His work in this sphere would have had a high value, for he was a man with a University education and well grounded in Latin and Greek, and thoroughly acquainted with both English and French literature, for although born a Frenchman, he had been brought up in America. He was also a cultivated musician, and he and Mme. Jacot in the evenings would sing old French songs, Swiss songs, English songs, in their rich full voices; and then if you stole softly out on to the verandah, you would often find it crowded with a silent, black audience, listening intently.

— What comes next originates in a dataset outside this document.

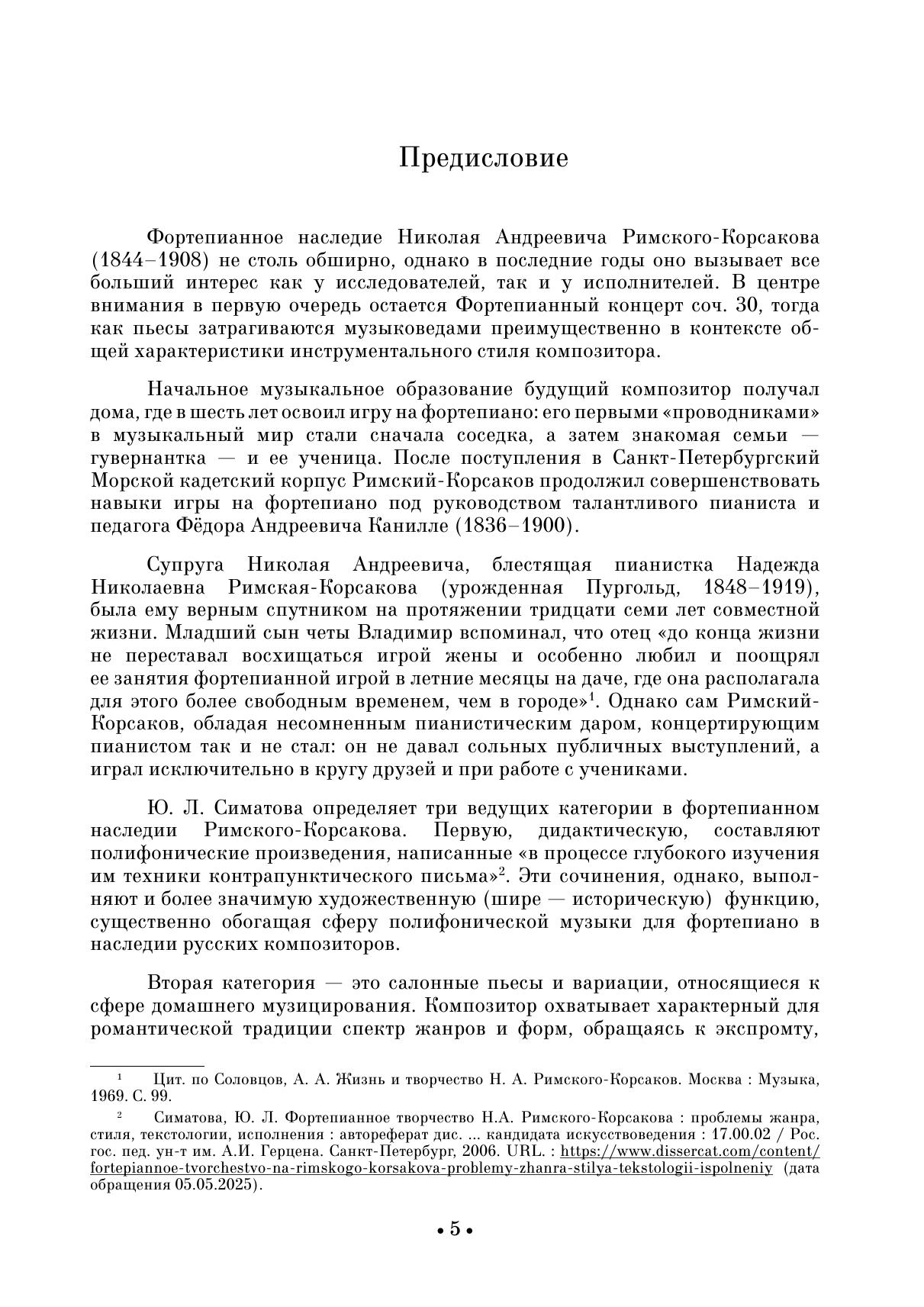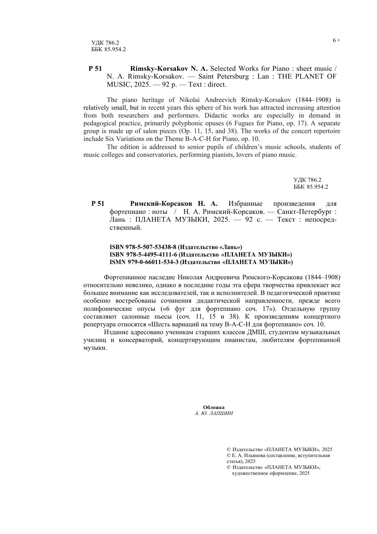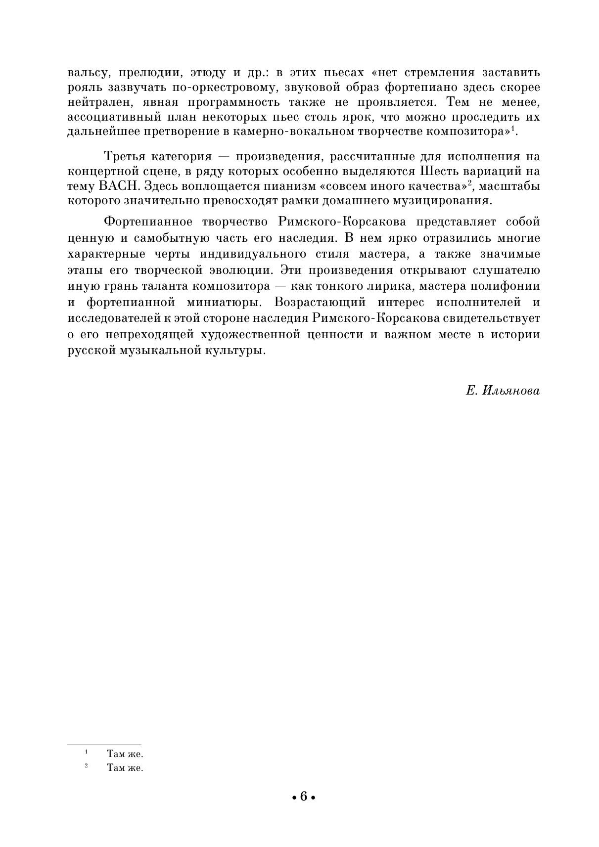 Фортепианное наследие Николая Андреевича Римского-Корсакова (1844–1908) относительно невелико, однако в последние годы эта сфера творчества привлекает все большее внимание как исследователей, так и исполнителей. В педагогической практике особенно востребованы сочинения дидактической направленности, прежде всего полифонические опусы («6 фуг для фортепиано соч. 17»). Отдельную группу составляют салонные пьесы (соч. 11, 15 и 38). К произведениям концертного репертуара относятся «Шесть вариаций на тему B-A-C-H для фортепиано» соч. 10. Издание адресовано ученикам старших классов ДМШ, студентам музыкальных училищ и консерваторий, концертирующим пианистам, любителям фортепианной музыки. The piano heritage of Nikolai Andreevich Rimsky-Korsakov (1844–1908) is relatively small, but in recent years this sphere of his work has attracted increasing attention from both researchers and performers. Didactic works are especially in demand in pedagogical practice, primarily polyphonic opuses (6 Fugues for Piano, op. 17). A separate group is made up of salon pieces (Op. 11, 15, and 38). The works of the concert repertoire include Six Variations on the Theme B-A-C-H for Piano, op. 10. The edition is addressed to senior pupils of children’s music schools, students of music colleges and conservatories, performing pianists, lovers of piano music.
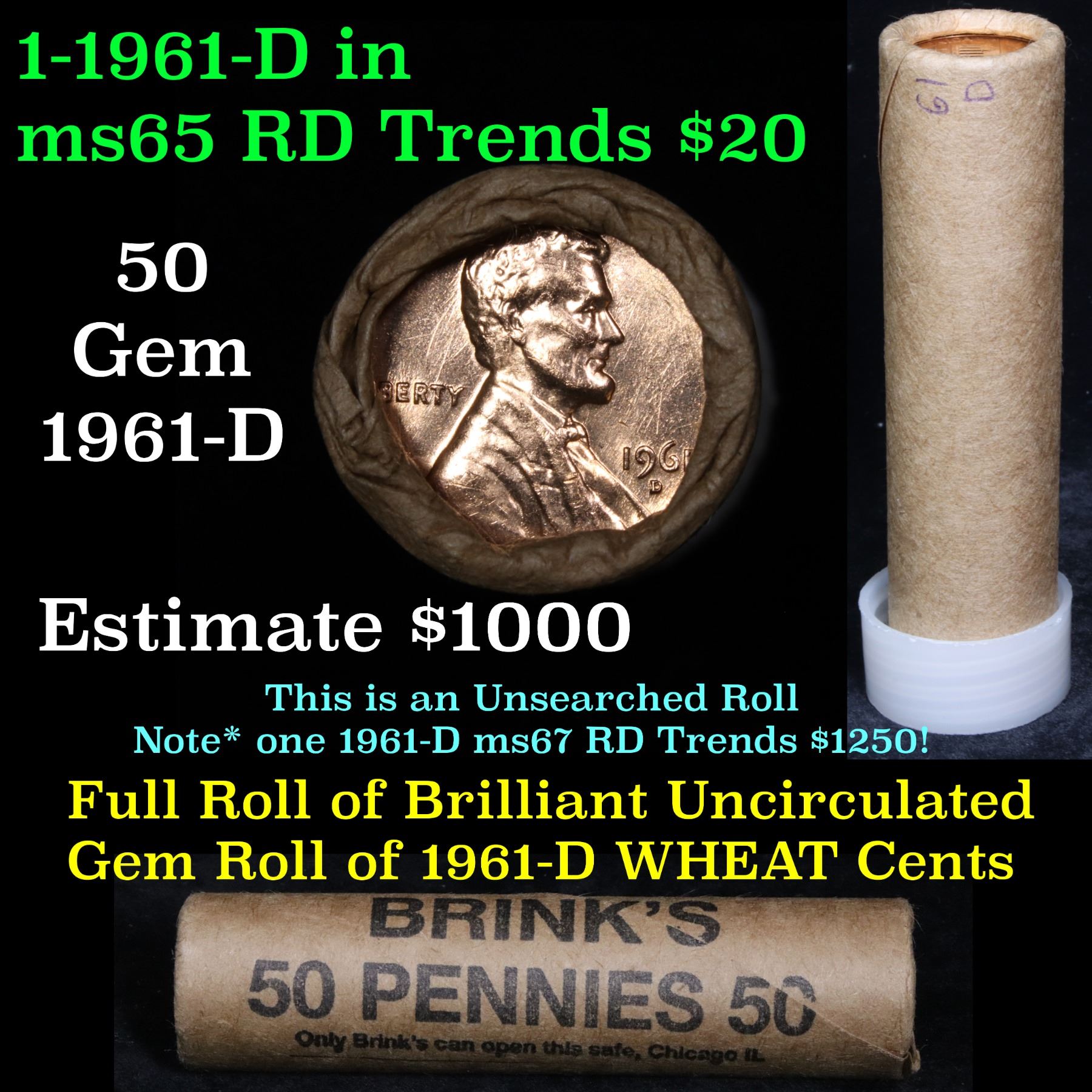 Uncirculated 1c orig shotgun roll, 1961-d In Old Brinks wrapper . A terrific orig shotgun roll of Lincoln cents. All coins cherry red. This is in an Old Brinks wrapper, "Only Brinks can open this safe, Chicago, IL". Trends ms65rd $20, ms64rd $10. One coin is ms67rd is $1250. Estimate $1000

The amount of work M. and Mme. Jacot used to get through was, to me, amazing, and I think the Ogowe Protestant mission sadly short- handed - its missionaries not being content to follow the usual Protestant plan out in West Africa, namely, quietly sitting down and keeping house, with just a few native children indoors to do the housework, and close by a school and a little church where a service is held on Sundays. The representatives of the Mission Evangelique go to and fro throughout the district round each station on evangelising work, among some of the most dangerous and uncivilised tribes in Africa, frequently spending a fortnight at a time away from their homes, on the waterways of a wild and dangerous country. In addition to going themselves, they send trained natives as evangelists and Bible-readers, and keep a keen eye on the trained native, which means a considerable amount of worry and strain too. The work on the stations is heavy in Ogowe districts, because when you have got a clearing made and all the buildings up, you have by no means finished with the affair, for you have to fight the Ogowe forest back, as a Dutchman fights the sea.